**MATERIAL FOR THE TASK**:
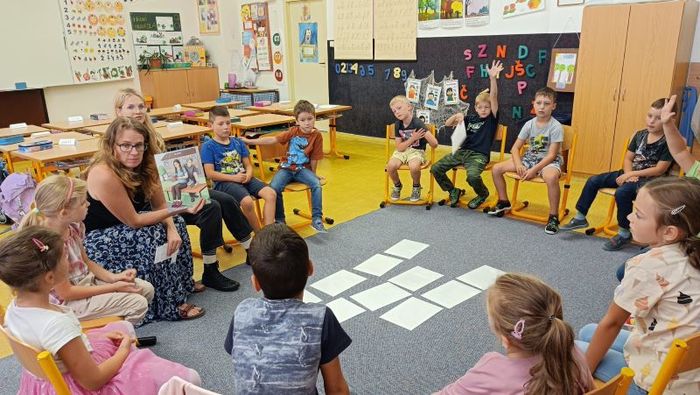 Ve středu 4. 10. 2023 přišli do 1. A a 1. B dvě lektorky z organizace KAPPA – HELP na preventivní besedu Co my na to? Program byl zaměřený na vzájemnou spolupráci žáků mezi sebou a jak se správně chovat v rizikových situacích. Na začátku první vyučovací hodiny byly hry na seznámení. Následovala aktivita Místo si vymění např. Kdo se rád dívá na pohádky? Dále si žáci vytvořili pravidla, která budou dodržovat po celou besedu. Hlavní aktivitou bylo pexeso, kde žáci diskutovali nad obrázky, na kterých byly znázorněny krizové situace. Závěrečnou aktivitou programu v druhé vyučovací hodině byla kresba superhrdiny, kterou všichni představili. V rámci diskuse nad krizovými situacemi žáci dokázali aktivně přemýšlet a odpovídat na otázky, kam se obrátit pro pomoc v konkrétních případech. Všichni poznali špatné a nevhodné chování.
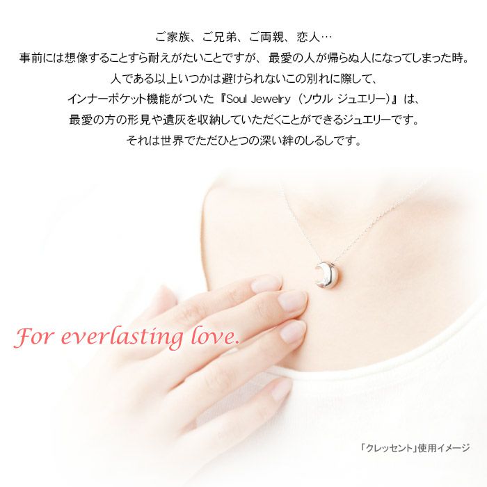 ご家族、ご兄弟、ご両親、恋人。事前には想像することすら耐えがたいことですが、最愛の人が帰らぬ人になってしまった時。人である以上いつかは避けられないこの別れに際して、インナーポケット機能がついた『Soul Jewelry(ソウルジュエリー)』は、最愛の方の形見や遺灰を収納していただくことができるジュエリーペンダントです。
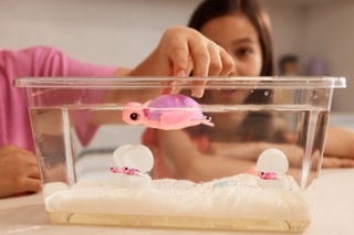 Pripildyk indą vandens ir stebėk, kaip vėžliukų mama atgyja ir plaukia! Kiek mažylių vėžliukų ji išperės šįkart? 2, 3, o gal net 4?
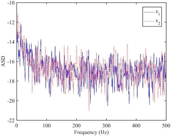 In this section, numerical examples of plastic water pipes are presented to verify the performance of the ADPHAT method proposed in this paper for TDE. In the simulation, both the leak source and background noise signals are white Gaussian with zero means. To emulate the pipe system as illustrated in Figure 2, the parameters of the plastic pipe are set as β = 2 × 10−4 s/m, d1 = 22.8 m, d2 = 38 m, c = 380 m/s. The arrival times of the leak source and the two sensors are calculated to be t1 = 0.06 s and t2 = 0.1 s respectively, which gives the actual time delay T0 = −0.04 s. The simulated leak source signal then propagates downstream and upstream of the pipe system, and is captured at a sampling frequency of fs = 1 kHz. Consider the low signal-to-noise ratio (SNR) case, for example SNR = −10 dB. The ASDs of the resultant sensor signals at d1 and d2 are shown in Figure 4. As can be seen in the figure, the ASDs decrease dramatically with increasing frequency and drop to the level of background noise below 50 Hz, suggesting the simulated signals are concentrated at lower frequencies as anticipated. In the analysis, the possible maximum number for the signals generated is set to be P = 100 in the LMS filter coefficients, as suggested in the appendix. This further yields a reference time delay Tref = −P/fs = −0.1 s, as defined by Equation (11). In the conventional LMS adaptive method, h12(n) denotes the IRF for the input signal x1(t) and the expected signal x2(t); h21(n) denotes the IRF for the input signal x2(t) and the expected signal x1(t). It must be borne in mind that the reference time delay Tref needs to be removed in the estimates of the time delay given by these two algorithms to ensure accurate TDE.
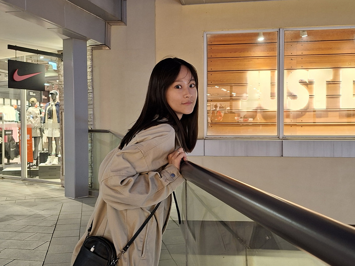 如果你是拍穿搭,又希望畫面帶點動態感,Galaxy A56也處理得不錯。它拍照時會自動偵測場景並對焦,就算人是動的,也能拍得蠻清楚,照片會有一種乾淨、空氣感的感覺,我自己也很喜歡。
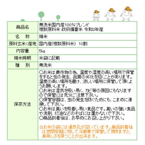 [予約販売 8月中旬~8月末到着]政府備蓄米 令和3年産 2021年産 複数原料米 家計応援米 無洗米 国内産100%ブレンド5kg 予約販売 原料玄米メッシュチェック(カビチェック)済 [おひとり様2袋まで][入荷次第順次お届け開始][北海道沖縄へのお届けは別途送料760円]
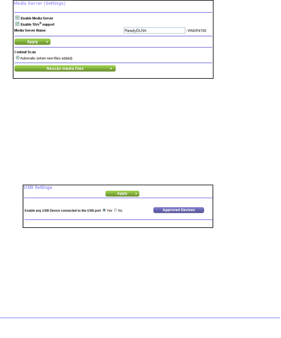 radio button are selected. When these options are selected, the router scans for media files
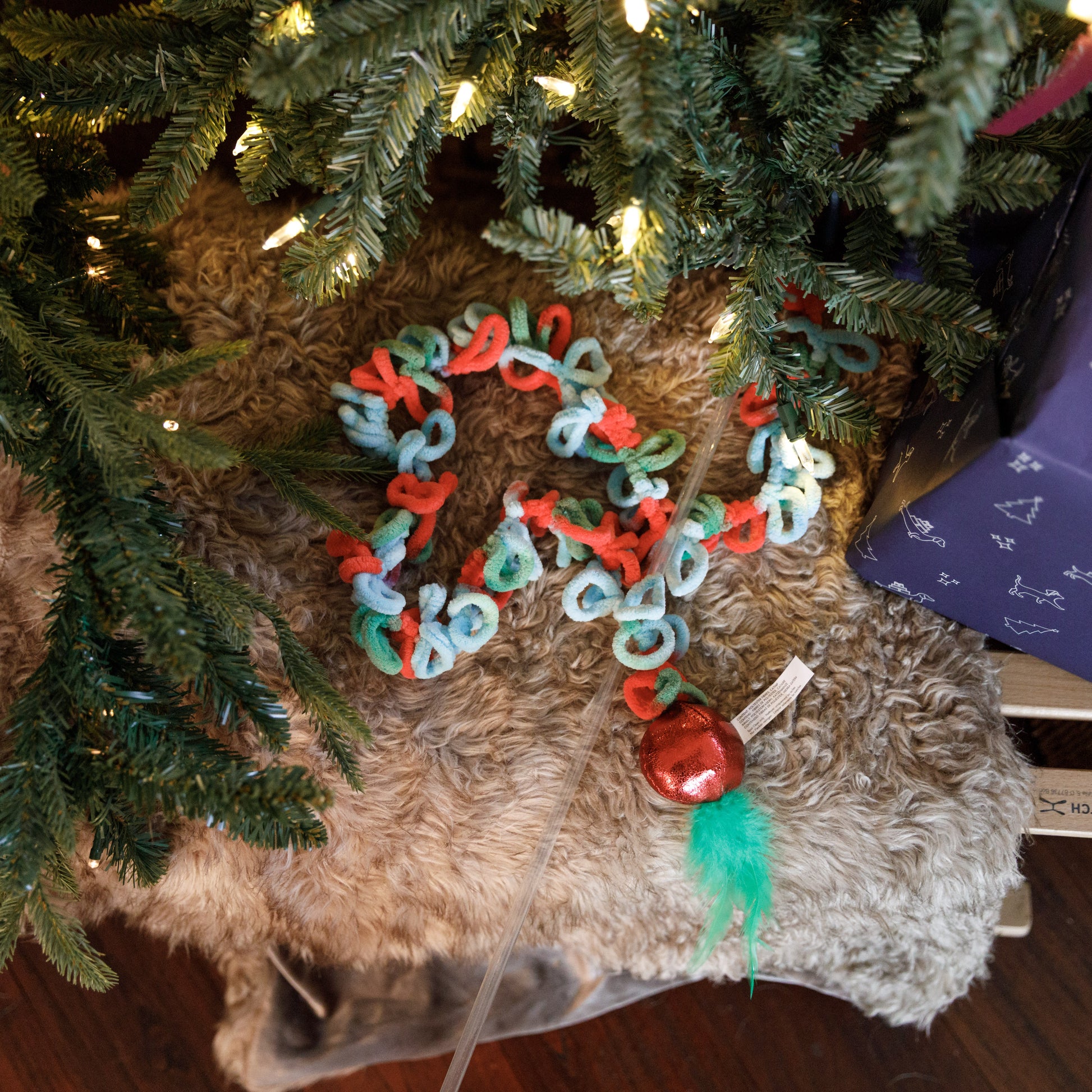 - Festive, fluttery red and green yarn and green feathers spark natural instincts

**EXERCISE GOAL**:
For this exercise, write the listing out again exactly, excluding all images.

**RESPONSE TO THE EXERCISE**:
 Ve středu 4. 10. 2023 přišli do 1. A a 1. B dvě lektorky z organizace KAPPA – HELP na preventivní besedu Co my na to? Program byl zaměřený na vzájemnou spolupráci žáků mezi sebou a jak se správně chovat v rizikových situacích. Na začátku první vyučovací hodiny byly hry na seznámení. Následovala aktivita Místo si vymění např. Kdo se rád dívá na pohádky? Dále si žáci vytvořili pravidla, která budou dodržovat po celou besedu. Hlavní aktivitou bylo pexeso, kde žáci diskutovali nad obrázky, na kterých byly znázorněny krizové situace. Závěrečnou aktivitou programu v druhé vyučovací hodině byla kresba superhrdiny, kterou všichni představili. V rámci diskuse nad krizovými situacemi žáci dokázali aktivně přemýšlet a odpovídat na otázky, kam se obrátit pro pomoc v konkrétních případech. Všichni poznali špatné a nevhodné chování.
 ご家族、ご兄弟、ご両親、恋人。事前には想像することすら耐えがたいことですが、最愛の人が帰らぬ人になってしまった時。人である以上いつかは避けられないこの別れに際して、インナーポケット機能がついた『Soul Jewelry(ソウルジュエリー)』は、最愛の方の形見や遺灰を収納していただくことができるジュエリーペンダントです。
 Pripildyk indą vandens ir stebėk, kaip vėžliukų mama atgyja ir plaukia! Kiek mažylių vėžliukų ji išperės šįkart? 2, 3, o gal net 4?
 In this section, numerical examples of plastic water pipes are presented to verify the performance of the ADPHAT method proposed in this paper for TDE. In the simulation, both the leak source and background noise signals are white Gaussian with zero means. To emulate the pipe system as illustrated in Figure 2, the parameters of the plastic pipe are set as β = 2 × 10−4 s/m, d1 = 22.8 m, d2 = 38 m, c = 380 m/s. The arrival times of the leak source and the two sensors are calculated to be t1 = 0.06 s and t2 = 0.1 s respectively, which gives the actual time delay T0 = −0.04 s. The simulated leak source signal then propagates downstream and upstream of the pipe system, and is captured at a sampling frequency of fs = 1 kHz. Consider the low signal-to-noise ratio (SNR) case, for example SNR = −10 dB. The ASDs of the resultant sensor signals at d1 and d2 are shown in Figure 4. As can be seen in the figure, the ASDs decrease dramatically with increasing frequency and drop to the level of background noise below 50 Hz, suggesting the simulated signals are concentrated at lower frequencies as anticipated. In the analysis, the possible maximum number for the signals generated is set to be P = 100 in the LMS filter coefficients, as suggested in the appendix. This further yields a reference time delay Tref = −P/fs = −0.1 s, as defined by Equation (11). In the conventional LMS adaptive method, h12(n) denotes the IRF for the input signal x1(t) and the expected signal x2(t); h21(n) denotes the IRF for the input signal x2(t) and the expected signal x1(t). It must be borne in mind that the reference time delay Tref needs to be removed in the estimates of the time delay given by these two algorithms to ensure accurate TDE.
 如果你是拍穿搭,又希望畫面帶點動態感,Galaxy A56也處理得不錯。它拍照時會自動偵測場景並對焦,就算人是動的,也能拍得蠻清楚,照片會有一種乾淨、空氣感的感覺,我自己也很喜歡。
 [予約販売 8月中旬~8月末到着]政府備蓄米 令和3年産 2021年産 複数原料米 家計応援米 無洗米 国内産100%ブレンド5kg 予約販売 原料玄米メッシュチェック(カビチェック)済 [おひとり様2袋まで][入荷次第順次お届け開始][北海道沖縄へのお届けは別途送料760円]
 radio button are selected. When these options are selected, the router scans for media files
 - Festive, fluttery red and green yarn and green feathers spark natural instincts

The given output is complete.